The performance during this corporate earnings season has far exceeded market expectations. According to data, S&P 500 index constituent companies achieved nearly 15% profit growth in the third quarter. Against this backdrop, strategists from several investment banks expect technology companies to once again be the main engine of U.S. corporate profit growth next year. Strategists at UBS Group AG even predict that the S&P 500 index could reach a record high of 7500 points by the end of 2026, implying over 11% upside from current levels. This optimistic outlook is supported by various indicators. An index compiled by Citigroup shows that since mid-October, the number of analysts raising earnings expectations has outnumbered those lowering them. Market focus has now shifted to the upcoming earnings report from NVIDIA (NVDA), with investors hoping to find key clues about the development trend of artificial intelligence from its financial results. John Stoltzfus, a strategist at Oppenheimer Asset Management, also supports this view, believing it is too early to “give up” on the prospects of chip manufacturers and the AI industry. He suggests that the current stock price weakness reflected by the major indices is more akin to “pruning” or “fine-tuning” rather than the beginning of a more severe downturn.
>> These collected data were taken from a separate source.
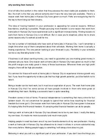 Work From Home Jobs Kansas City. By simply completing easy online surveys and tasks, you can accumulate some good money to pay some bills. Search for jobs hiring in your area using ZipRecruiter's job search engine - the best way to find a job.
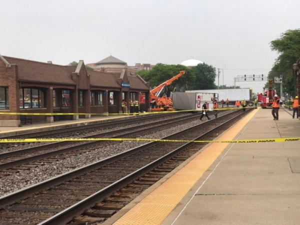Инцидент произошёл при подъезде состава к станции - он врезался в грузовик с прицепом. В результате аварии временно оказались заблокированы три железнодорожные линии
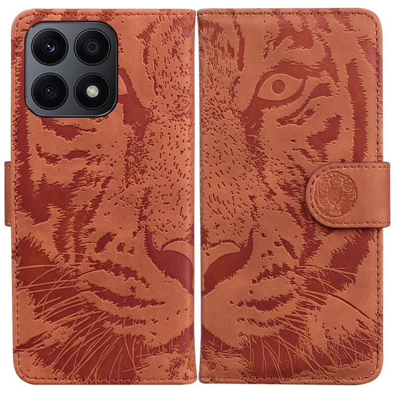 Θήκη τηλεφώνου από δέρμα με σχέδιο Tiger Embossing για Honor X8a (Μαύρο)

Despite short-term challenges, such as Federal Reserve Chairman Powell’s cautious stance on the interest rate outlook dampening market sentiment, coupled with trade tensions and potential government shutdowns putting pressure on stocks, bullish institutions maintain a relatively optimistic stance. Strategist Wilson consistently maintains that fundamental factors will ultimately dominate market direction. The fact that the S&P 500 index has accumulated a 14% gain this year and is on track for a third consecutive annual increase also provides evidence of the market’s resilience. Overall, the consensus on Wall Street is that the continuous improvement in corporate fundamentals, particularly the strong recovery in profitability, is sufficient to offset the impact of short-term policy fluctuations and lay a solid foundation for stock market gains through 2026.